**Update** Me [23 f] with my [31 m] bf of two years pushed me to a place I never thought I could go

Maybe I did not articulate it well: optimistic, submissive, trusting people do not need to change their optimism, submissiveness or ability to trust but they should be aware of those traits and that it might lead to people using those traits against them. As such, I recommended that if OP finds herself reading through the traits and seeing herself in them, to work on developing skills/techniques/traits to counteract being taken advantage of. It's fantastic to be optimistic and trusting, but it's good to still be able to tell when enough is enough if someone is trying to capitalize on your niceness.

I think circumstances of the target contribute to the likelihood of targeting by abusers, but traits do as well, and more than I think you are willing to agree on. At least that has been my experience from the abusers that I have come to know, and statistics indicate it as well. Sadly, I have seen one too many women coming from wonderful families, raised in a loving and trusting environment and full of love and trust themselves, waste that love and trust on someone who didn't deserve it. Even when their friends and family warned them of those individuals, but their willingness to believe the good in people and to not fight made them put up with more than they should. Their problem wasn't that they were loving and trusting, because those traits spent on the right person creates a bonded relationship. It's that they did not know how to protect themselves from people using those traits against them.
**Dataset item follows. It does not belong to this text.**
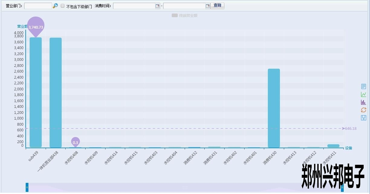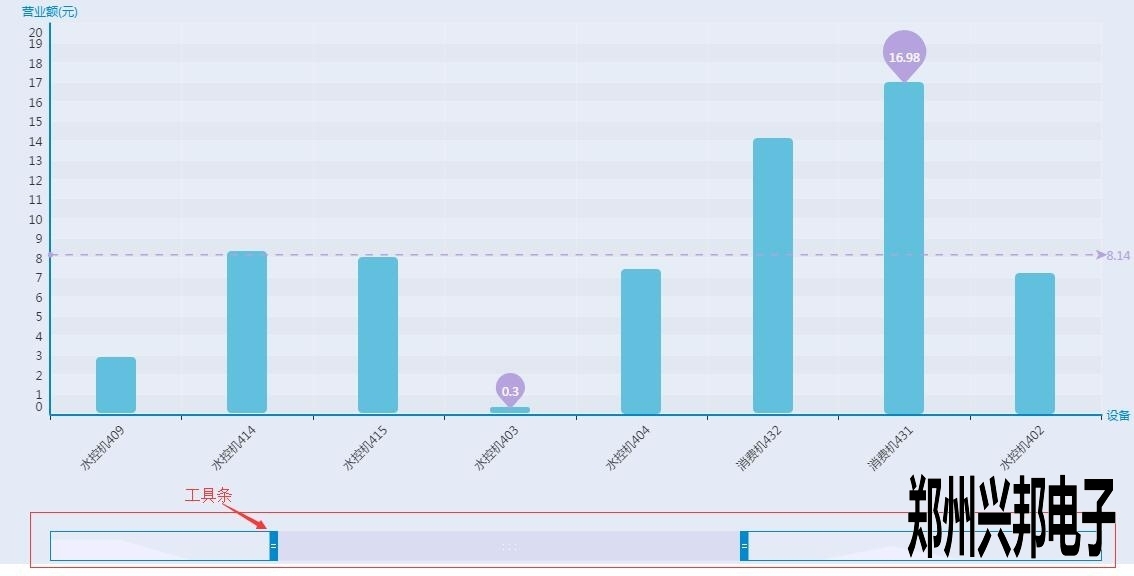 這是一個柱狀的數據圖表,展示了各個終端在所查詢時間內的營業情況,那么最下面的那條橫杠是什么呢?其實那是一個工具條,用來集中顯示某個具體的柱狀數據,如水控機409以及后面的幾個數據都看不大清楚,想要拉近一點看看,怎么做呢,很簡單,只要拉動最下面的工具條就好了,就像這樣:

Regardless, the point is there are certain things about a victim (circumstances or traits) that may make them more at risk of being abused, and while you may see acknowledging those risks as a form of blaming the victim, I do not. I see it as wise to help those individuals who are at a higher risk be aware of what abusers could use against them and to use that awareness to develop ways to shield and learn to stand up to abusers.

Even if they are not the only ones who could become susceptible to abusers.